From the first line of the entries through the line containing "Zásuvkový box na", output everything exactly except the pictures.

-------- Data provided

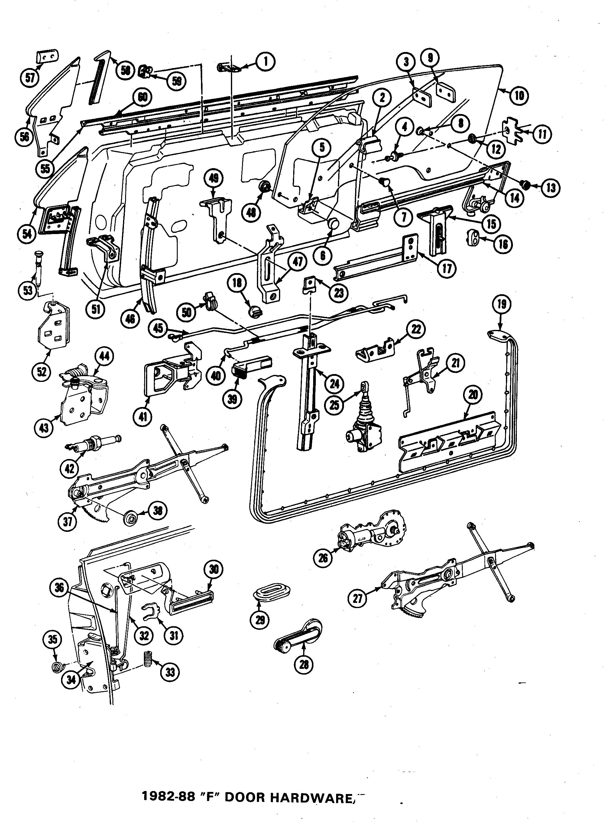 DOOR PARTS DIAGRAM 82-88 CAMARO TA FIREBIRD
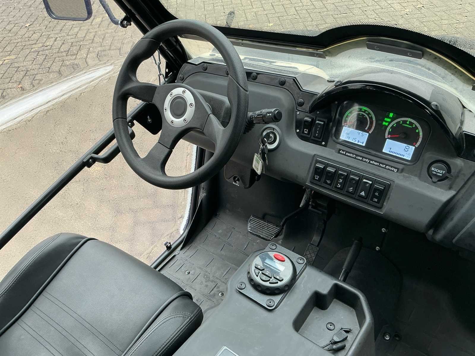 T-12-FNF 44km Voorzien van: 4 wiel en 2 wiel aandrijving Lier met afstandsbediening 3 rij snelheden Radio met Bluetooth Verwarming Maximum snelheid 30km/h (LET OP! dit voertuig heeft een kenteken registratie, bij afhalen dient u dit ter plaatste bij een derde partij te naam te stellen of te exporteren, hier zijn extra kosten aan verbonden) Nee Merk: Frisian Type: FM-90 Bouwjaar: 2023 Aantal personen: 4 Elektrisch: true Kleur: Zwart Gewicht: 1030kg Lengte: 300cm Breedte: 150cm Hoogte: 195cm Materiaal: Plastic
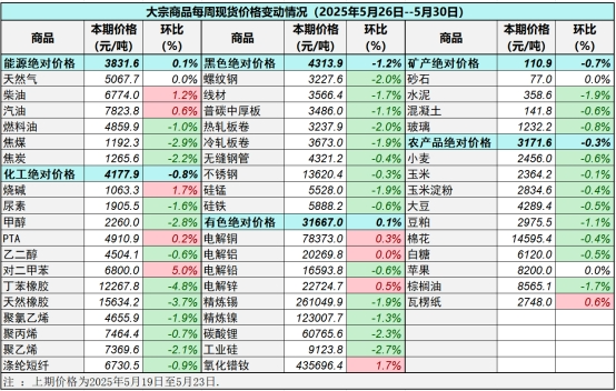本表所示大宗商品價格(類別與產品規格說明見附表)為以人民幣計價的現貨價格(包含流通費用、利潤和稅費等)。計算這些價格時使用的信息來源,主要包括國內重點地區的生產商、貿易商及下游消費企業之間的成交、詢報盤及可成交價格。價格單位為人民幣元/噸。
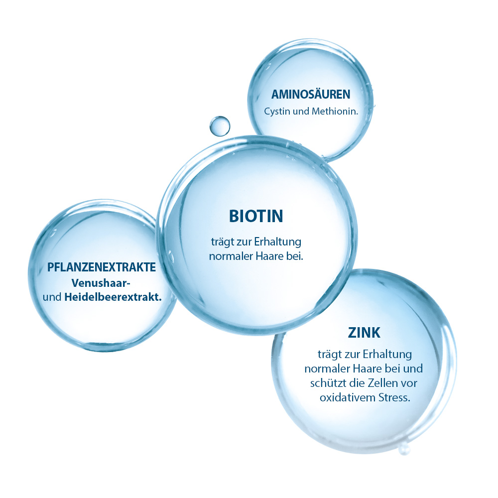 - Biotin und Zink tragen zur Erhaltung normaler Haare bei
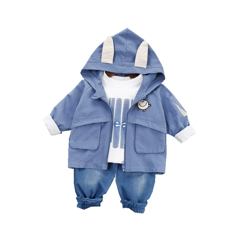 Осенний комплект одежды для маленьких мальчиков, комплекты одежды для девочек, 2020 год пальто с капюшоном для младенцев Футболка и джинсы Детский Повседневный костюм из 3 предметов
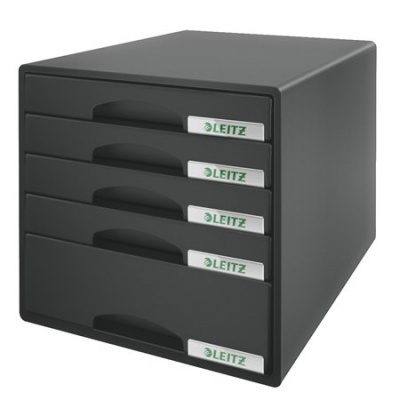 Zásuvkový box na dokumenty, plastový, 5 zásuviek, LEITZ "Plus", čierny
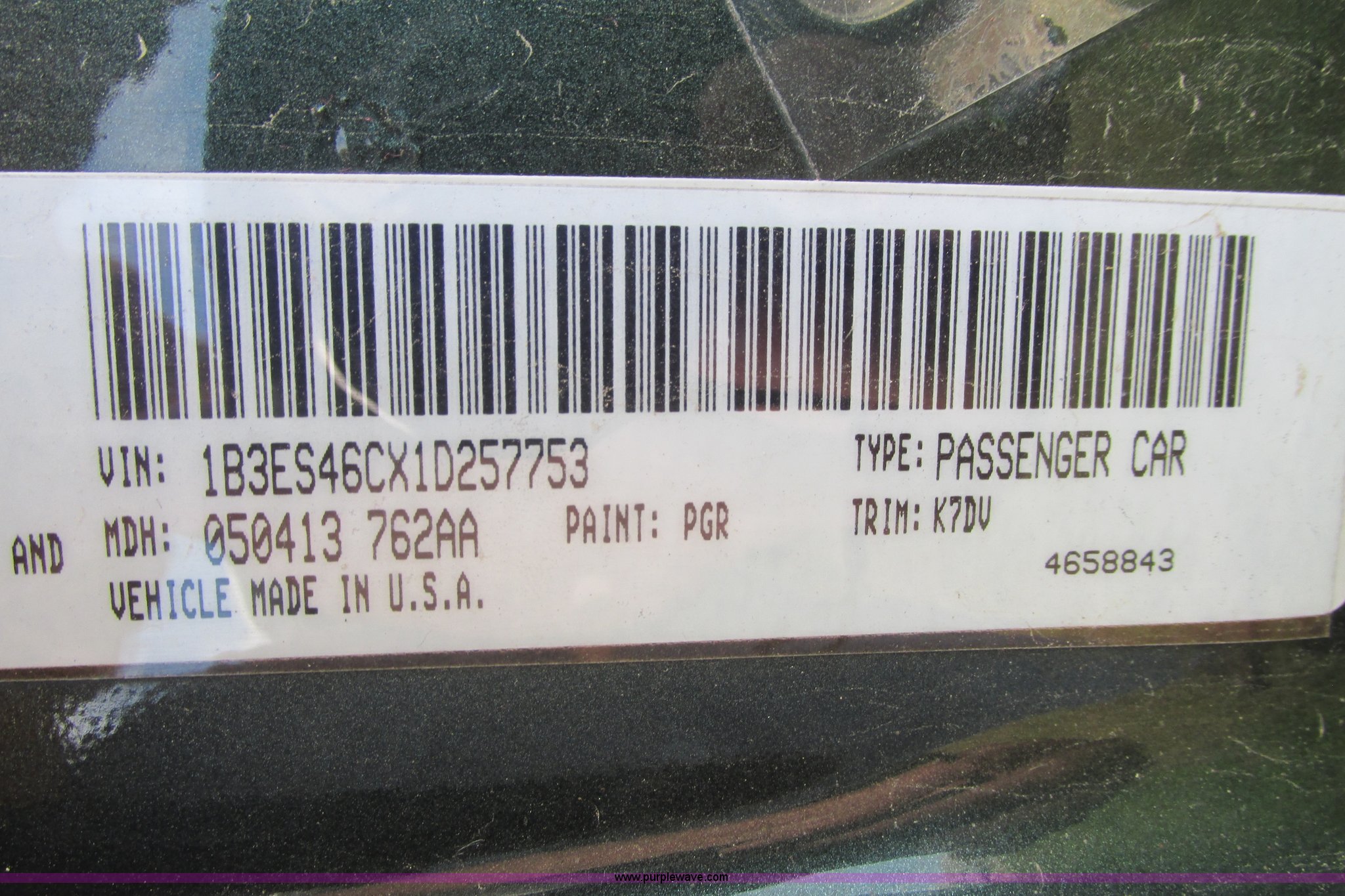 Purple Wave is selling a used Wrecked and Abandoned in Kansas. This item is a 2001 Dodge Neon with the following: 146,331 miles on odometer, 2.0L L4 SOHC 16V gas engine, Automatic transmission, AC and heat, Tilt, Aftermarket AM/FM/CD, Manual windows and locks, Cloth interior, (3) P185/65R14 tires, P195/75R14 tire, Keys, Interior/exterior cosmetic damage, Hail damage, Right rear corner panel damage, Front bumper damage, Hood damage, Trunk will not open, Driver's side mirror broken, Clear coat peeling, Paint faded, Radio face plate damaged, Headliner damage, Rear seat dislodged, Case# 14C20808
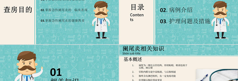 2022急性闌尾炎護理查房PPT清新插畫風護理查房通用PPT
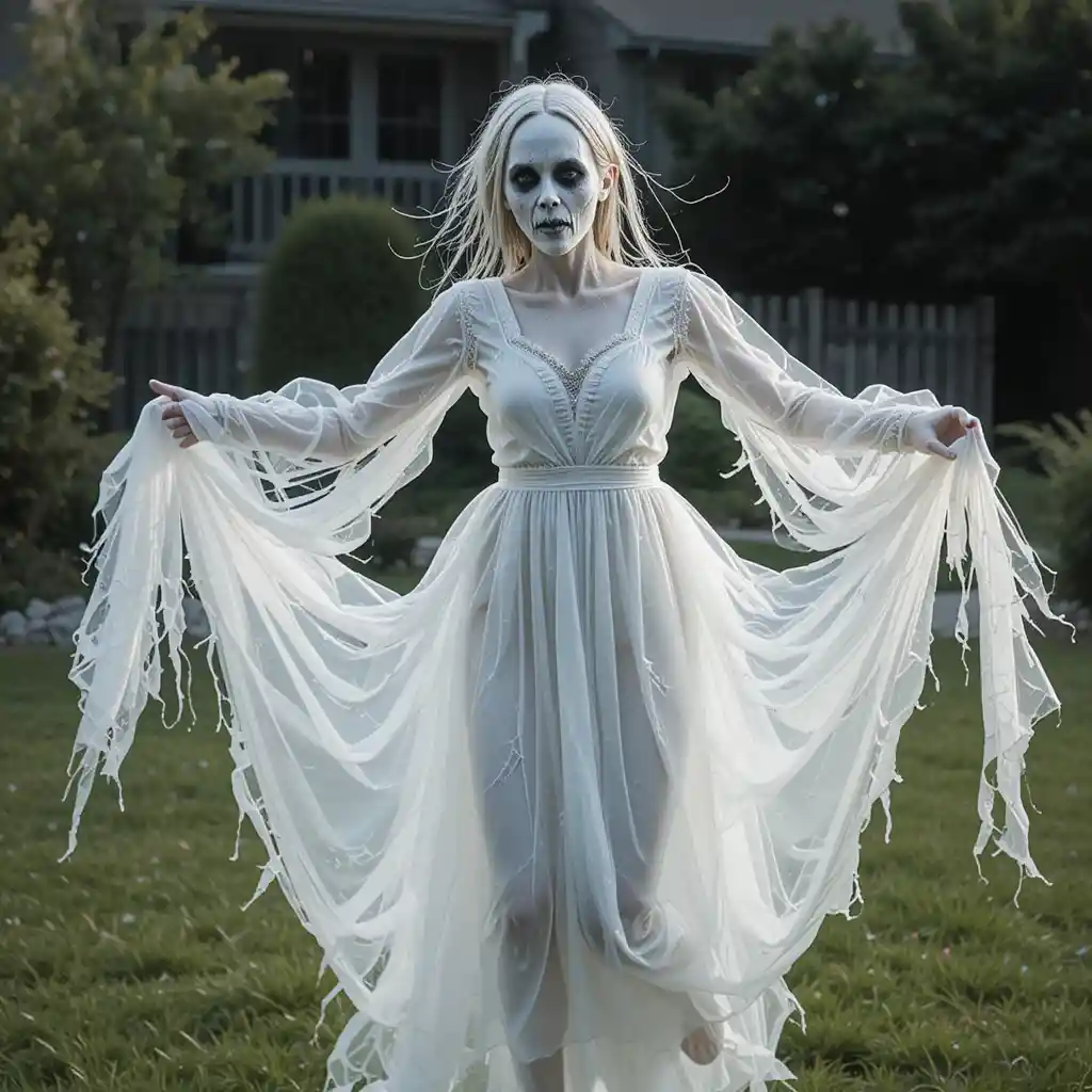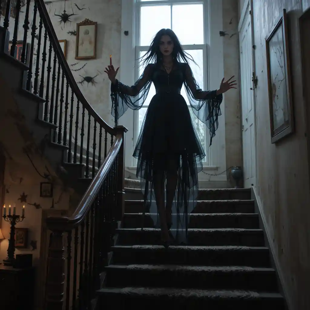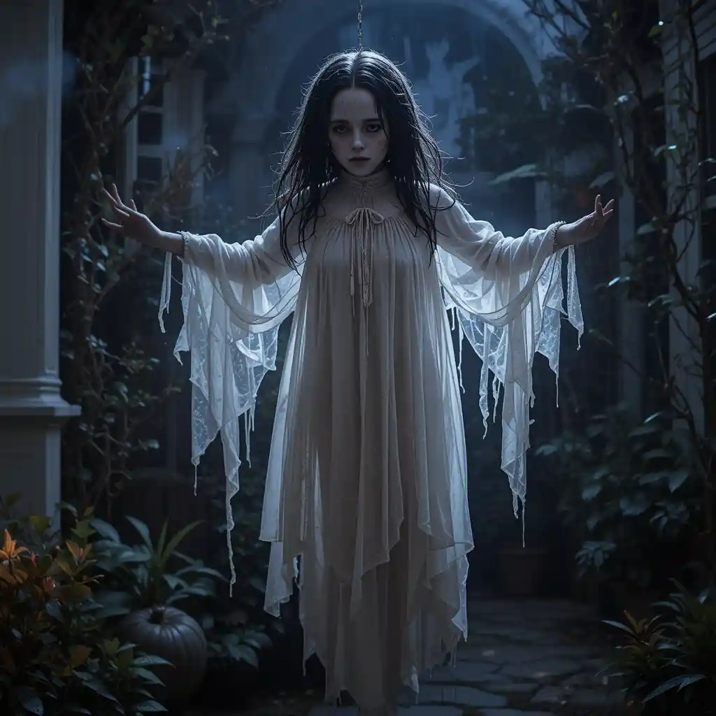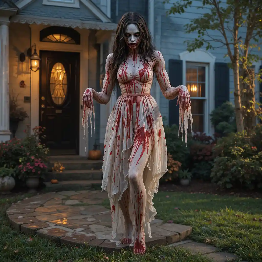 For a true jump scare, use a motion-activated floating girl. When someone passes by, she suddenly lights up or lets out a chilling scream, catching guests completely off guard.

----------------

Exercise response:
 DOOR PARTS DIAGRAM 82-88 CAMARO TA FIREBIRD
 T-12-FNF 44km Voorzien van: 4 wiel en 2 wiel aandrijving Lier met afstandsbediening 3 rij snelheden Radio met Bluetooth Verwarming Maximum snelheid 30km/h (LET OP! dit voertuig heeft een kenteken registratie, bij afhalen dient u dit ter plaatste bij een derde partij te naam te stellen of te exporteren, hier zijn extra kosten aan verbonden) Nee Merk: Frisian Type: FM-90 Bouwjaar: 2023 Aantal personen: 4 Elektrisch: true Kleur: Zwart Gewicht: 1030kg Lengte: 300cm Breedte: 150cm Hoogte: 195cm Materiaal: Plastic
本表所示大宗商品價格(類別與產品規格說明見附表)為以人民幣計價的現貨價格(包含流通費用、利潤和稅費等)。計算這些價格時使用的信息來源,主要包括國內重點地區的生產商、貿易商及下游消費企業之間的成交、詢報盤及可成交價格。價格單位為人民幣元/噸。
 - Biotin und Zink tragen zur Erhaltung normaler Haare bei
 Осенний комплект одежды для маленьких мальчиков, комплекты одежды для девочек, 2020 год пальто с капюшоном для младенцев Футболка и джинсы Детский Повседневный костюм из 3 предметов
 Zásuvkový box na dokumenty, plastový, 5 zásuviek, LEITZ "Plus", čierny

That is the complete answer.